Daily Revolt

October 02, 2007

Senate Approves $150B in War Funding Despite Public Opposition

The Democrats cave again. At this point, it is clear there is no hope Congress will stand up to that thug in the White House:
Thwarted in efforts to bring troops home from Iraq, Senate Democrats helped pass a defense policy bill authorizing another $150 billion for the wars in Iraq and Afghanistan.

Monday's 92-3 vote comes as the House planned to approve separate legislation Tuesday that requires President Bush to give Congress a plan for eventual troop withdrawals.

The developments underscored the difficulty facing Democrats in the Iraq debate: They lack the votes to pass legislation ordering troops home and are divided on whether to cut money for combat, despite a mandate by supporters to end the war.

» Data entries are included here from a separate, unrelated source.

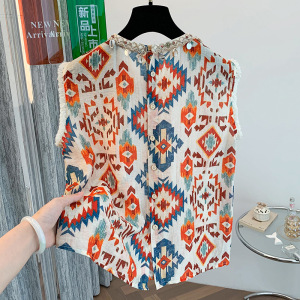 デザインされたラウンドネックフライングスリーブビーズプリントベストシャツ女性の夏の新しいファッションスリムカジュアルチョッキトップ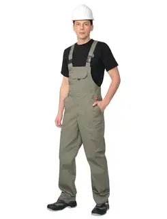 Полукомбинезон рабочий серый с боковыми застежками на пуговицы с двумя боковыми и одним нагрудным карманами.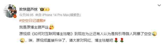 事件的起因是博主“欢快葫芦丝”发布了一条有关“如何对互联网博主祛魅”的视频,有一位网友在评论区说自己不喜欢博主“空空日记”,“空空日记”还在该评论下回复“我也不喜欢你”。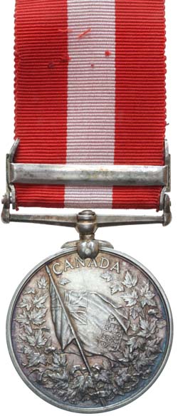 CANADA GENERAL SERVICE MEDAL 1866-70, - clasp - Fenian Raid 1870. Private. J.B.L'Ouiselle 65th. Batt. Impressed. Tone spots, otherwise good very fine.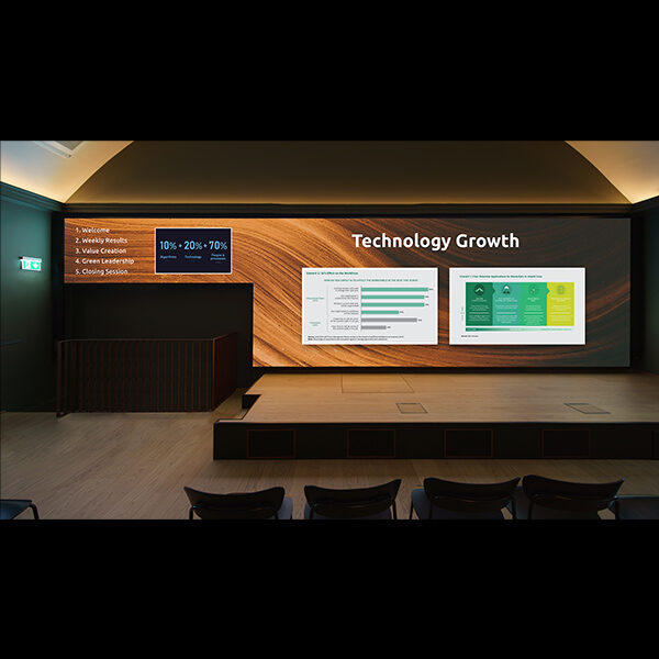 Ziel war es, herausragenden Ergebnissen eine geeignete Plattform zu geben. Darüber hinaus strebten wir eine universelle Nutzbarkeit nicht nur für interne Veranstaltungen, sondern auch für Kundenpräsentationen, Teambesprechungen und gesellschaftliche Anlässe an. Wir erhielten 18m² Visualisierungsfläche auf einer eher ungewöhnlichen Wand.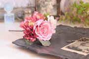 ピンクの薔薇とクリスマスローズの髪飾り フラメンコ フローレス バラ アジサイ アネモネ 髪飾り ダンス フォーマル パーティー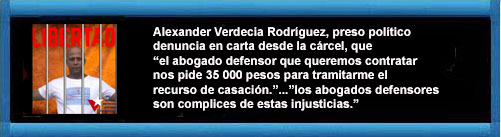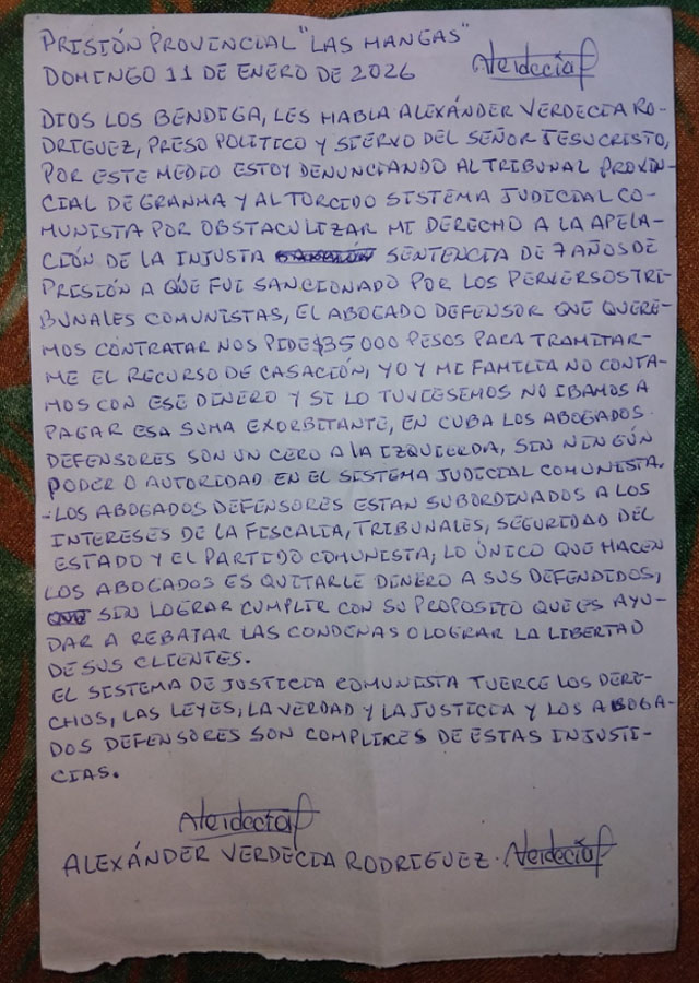 Alexander Verdecia Rodríguez, preso político, denuncia en carta desde la prisión que los abogados defensores son cómplices de las injusticias, lo único que hacen los abogados es quitarle dinero exorbitante a sus defendidos.

Why are the Democrats still voting to give Bush what he wants despite the last election and polls showing the public opposes funding the war:
Most Americans oppose fully funding U.S. President George W. Bush's $190 billion request to fight the wars in Iraq and Afghanistan while a majority supports expanding a children's health care program he has threatened to veto, a Washington Post-ABC News poll shows.

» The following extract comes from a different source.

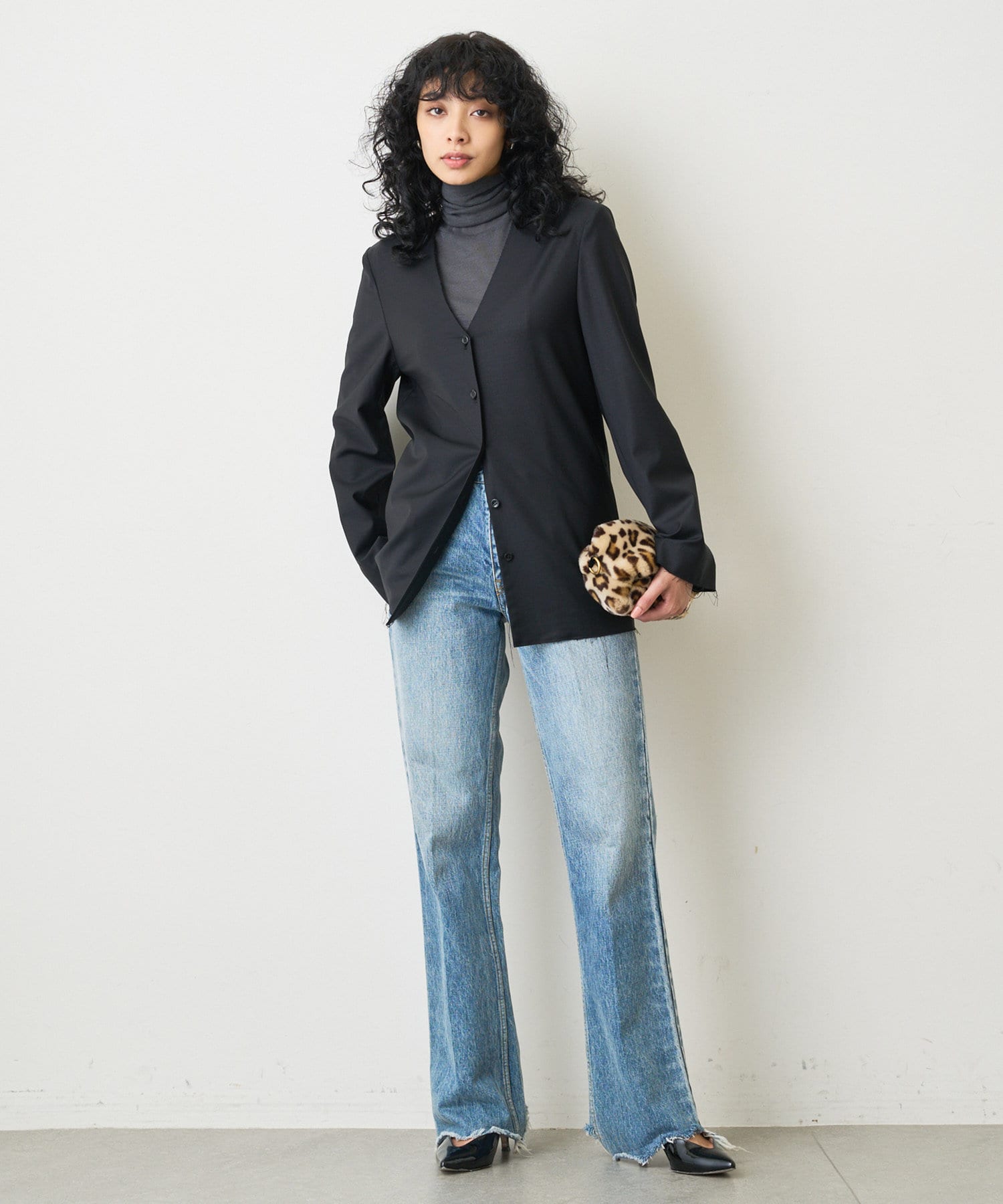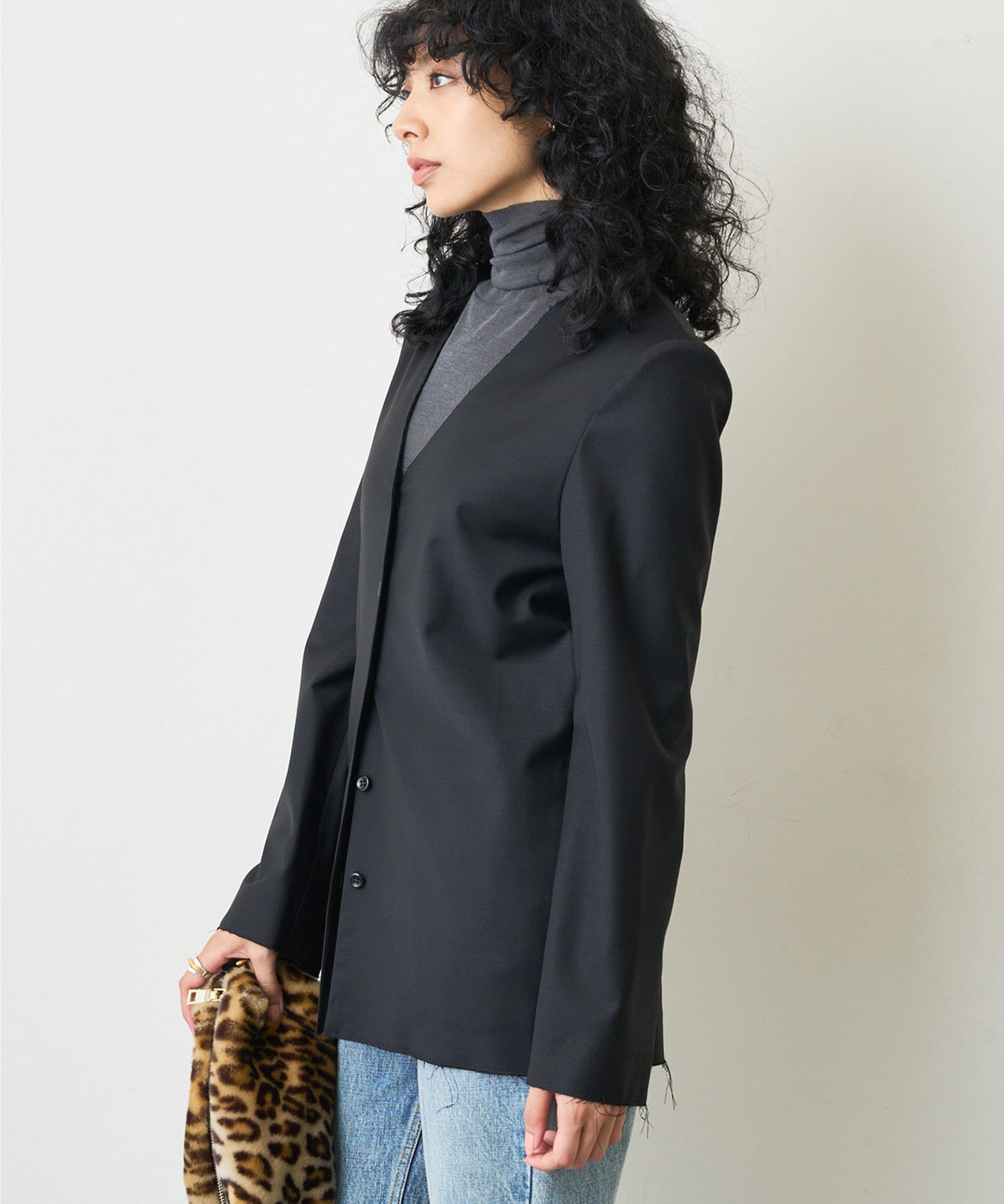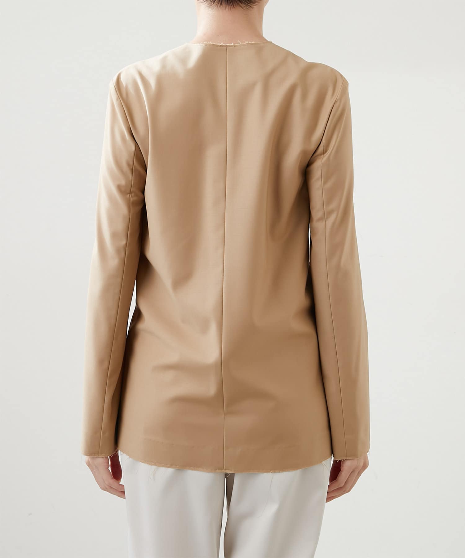 ■衿回り・袖口・裾を断ち切りにすることで表情を出し抜け感をプラス。

The poll published on Tuesday also shows deep dissatisfaction with the president and with Congress, partly because of the stalemate between Democrats and the White House over Iraq policy, The Washington Post reported.

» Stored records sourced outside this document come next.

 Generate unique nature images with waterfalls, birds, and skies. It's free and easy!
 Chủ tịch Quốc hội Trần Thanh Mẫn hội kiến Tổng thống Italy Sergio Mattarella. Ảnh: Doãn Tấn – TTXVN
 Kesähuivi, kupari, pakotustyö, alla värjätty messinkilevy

They are caving despite consistent historic low approval ratings for a screw-up of a president:
Bush's approval rating stands at 33 percent, equal to his all-time low in this poll and just 29 percent approve of the job Congress is doing -- a 14-point drop since Democrats took control in January, the newspaper said.

More than eight in 10 liberal Democrats said Congress has been too restrained in challenging Bush's Iraq policy; about the same percentage of conservative Republicans said it has been too aggressive and a narrow majority of independents, 53 percent, want Congress to do more, the Post reported.

Only about 25 percent of Americans support the administration's $190 billion war funding request; 70 percent want the proposed allocation reduced, the Post said.

Both parties have betrayed us again.